Having regard to the wording of and punctuation of Article 26(1) the question arises whether the words:-
"which presents a clear and present danger to the unity and sovereignty of the Republic"

qualify only the words:-
"or by any action or omission of the Regional Administration"

which immediately precede them, or whether such words also qualify the words:-
"that the security or public order in a Region is threatened by armed insurrection, or grave internal disturbances,......."

which appear earlier.

This question is put beyond doubt by the Sinhalese text of the Package in which Article 26(1) commences with the words:-
"Janarajaye Eksathbhavayata Saha Svyrabhavayata Erehiwa Pahadili Ha Pana Nagi Athi Antharayak Vannavu Sannaddha Karallak Ho Barapathala Abhyanthara Aragala Ho Palath Palanadhikaraye Yum Kriyawek Ho Nokara Hareemak Ho Magin.........."

which leaves no possible room for doubt that the words:-
"which present a clear and present danger to the unity and sovereignty of the Republic"

qualify not only the words:-
"or by any action or omission of the Regional administration"

but also the words:-
"armed insurrection, or grave internal disturbances".

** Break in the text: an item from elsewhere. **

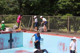 水泳の授業を前にプール清掃を小学部・中学部合同で行いました。小学部の児童は、プールの外や更衣室、プールの周辺をきれいにしました。中学部の生徒は、プールの中を協力してきれいにしました。プール開きが待ち遠しいですね。
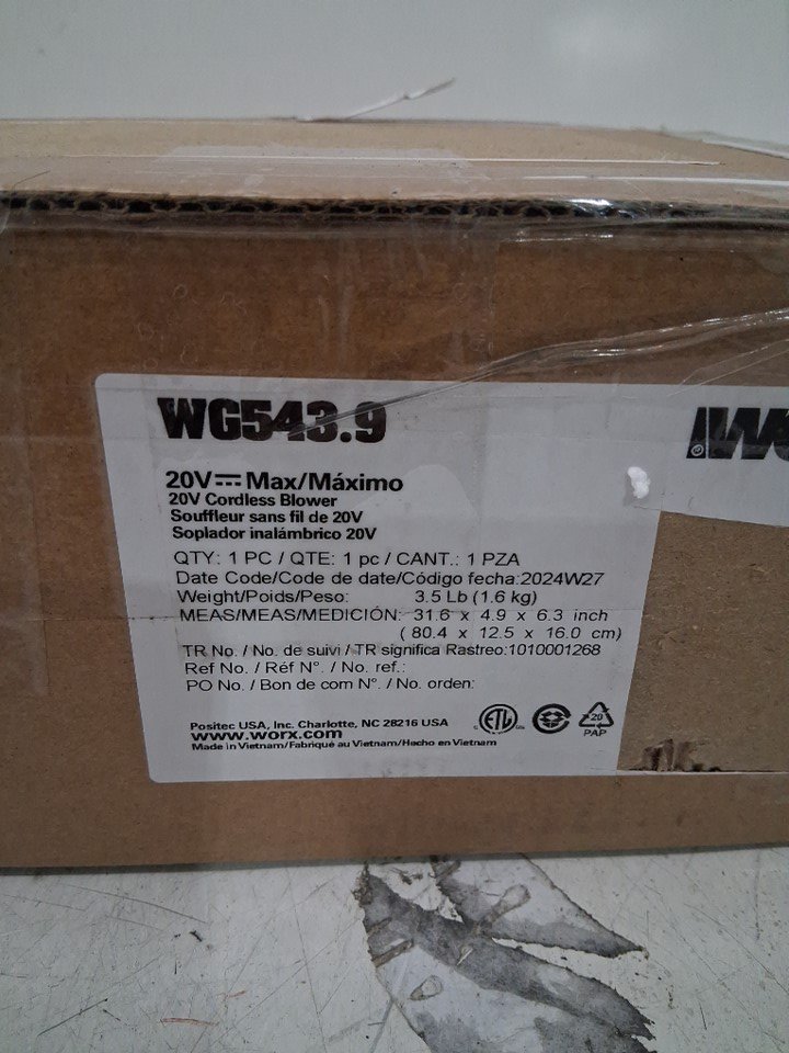WORX 20V LEAFJET CORDLESS LEAF BLOWER WITH BRUSHLESS MOTOR **TOOL ONLY** - BLACK/ORANGE (MODEL: WG543.9)

Thus the fact that there is clear evidence that a secessionist rebellion is being planned in any Region, or that the Regional Administration is involved in the planning of that rebellion, or that an armed insurrection or grave internal disturbances such as communal riots have broken out, or that a Regional Administration is actively promoting or passively acquiescing in such insurrection or disturbances will not by itself be sufficient to entitle the President to declare a State of Emergency and deploy units of the Armed Forces and the National Police Service to restore public order, or exercise any of her powers under the Public Security Ordinance - for she could do so only after the armed insurrection or the public disturbances or the misconduct of the Regional Administration has reached such alarming proportions that it presents a 'danger' that is both 'clear' and 'present' to "the unity and sovereignty of the Republic" !! By the same token, even the clearest of evidence that a Regional Administration is committing treason by promoting armed rebellion or insurrection, or that it is intentionally flouting the Country's Constitution that it is pledged to safeguard, will not by itself entitle the President to assume to herself a single function of the Regional Administration including the function of preserving public order or to give a single direction to it or to dissolve the Regional Council - she would have the power to do so only after such armed rebellion or insurrection promoted by the Regional Administration, or the intentional flouting of the Constitution assumes such proportions as to present a danger which is both clear and present to the unity and the sovereignty of the State.

Ordinary prudence demands that the stable door should be shut before, and not after the horse has escaped, nor while it is in the process of escaping. The provisions relating to the use of Emergency Powers, and the powers of the President to give directions to a Regional Administration, or to dissolve a Regional Council make evident the fact that she will be totally powerless to take preventive action to preserve the safety and security of the State and her citizens, and that she will only have the power to take 'curative' action once a 'clear' and 'present' danger to the unity and the sovereignty of the State has arisen.

The fact that the stage at which the President will be empowered to take curative action may well be too late is apparently one that has escaped the attention of the author of the Package.